Прошло полтора месяца. За это время я вытребовал какие-то лекарства, растворы, шовные материалы. Иногда мне удавалось добиться, чтобы раненых перевели в больницу. Помню, однажды во время прогулки заметил человека, неподвижно лежавшего в конце двора на бетоне. Оказалось, в таком состоянии он находился уже несколько дней. Поинтересовался у сепаратистов, что с ним. Мне ответили, что он очень тяжелый и скоро умрет. Я обследовал бойца, у него оказалось проникающее ранением грудной клетки, ранена шея. Немедленно прооперировал его и настоял, чтобы парня перевели в больницу.

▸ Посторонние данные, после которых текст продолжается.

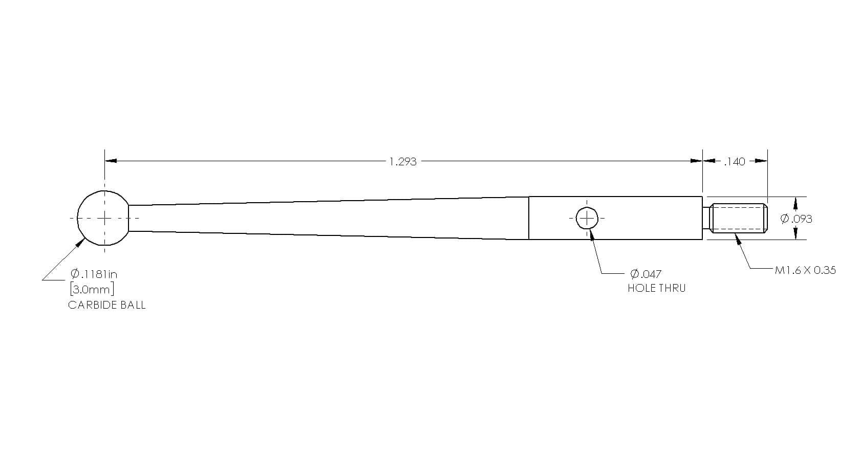 M1.6 Thds, Ø3.0mm Carbide Ball X 1.293″ Long.

А через два дня… его выписали, и он снова попал ко мне. Я выходил Сережу, хотя надежды было мало. Сегодня он продолжает воевать на востоке Украины. Мы созваниваемся.

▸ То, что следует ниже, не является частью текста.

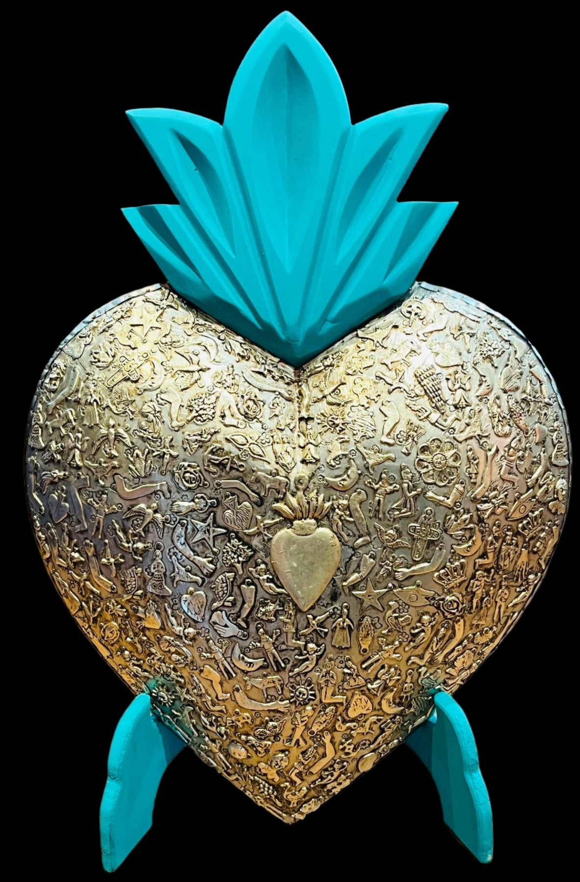 Each figure is handmade from copal wood using machetes and pocket knives. Artists carve the basic shape of a figure in a few days and then spend several days creating the fine detail. They further hand sand each piece and then spend several days in the painting process. The artists use fantasy and imagination in their intricately painted designs. The carvings are full of movement and humor and are an authentic folk art form that knows no boundaries.

Медиков, то есть меня и водителя, держали в одиночных камерах. Там не было окон, и мы не ориентировались, какое сейчас время суток. День недели узнавали от охранников. По окончании операций или перевязок нас отводили обратно в камеры. Кормили дважды в день. Если других пленных принуждали к работе — они занимались разминированием, копали траншеи, разгружали машины, убирали трупы, — то нас не трогали.

В Снежном Николай Гейник пробыл до 29 октября, после чего его перевели в донецкую тюрьму.

— Мне пообещали, что поеду с последним раненым, но обманули, — вспоминает хирург. — Если бойцов освободили, то мне заявили, что домой еще рано, нужно лечить других раненых. В Донецке я попал в подвал бывшего СБУ, где встретил коллегу Андрея Юрчука. Вместе с ним мы оперировали в медпункте и наших, и врагов. Скольким террористам помог, трудно сосчитать. Я врач и не мог отказать…

В донецкой тюрьме пленных на допросах сильно избивали, особенно танкистов и артиллеристов. Меня с терапевтом особо не били, но пытались склонить к предательству, перейти на сторону врага. Мы находились в бараке вместе с остальными пленными. В туалет нас выводили по часам, а в баню — раз в месяц.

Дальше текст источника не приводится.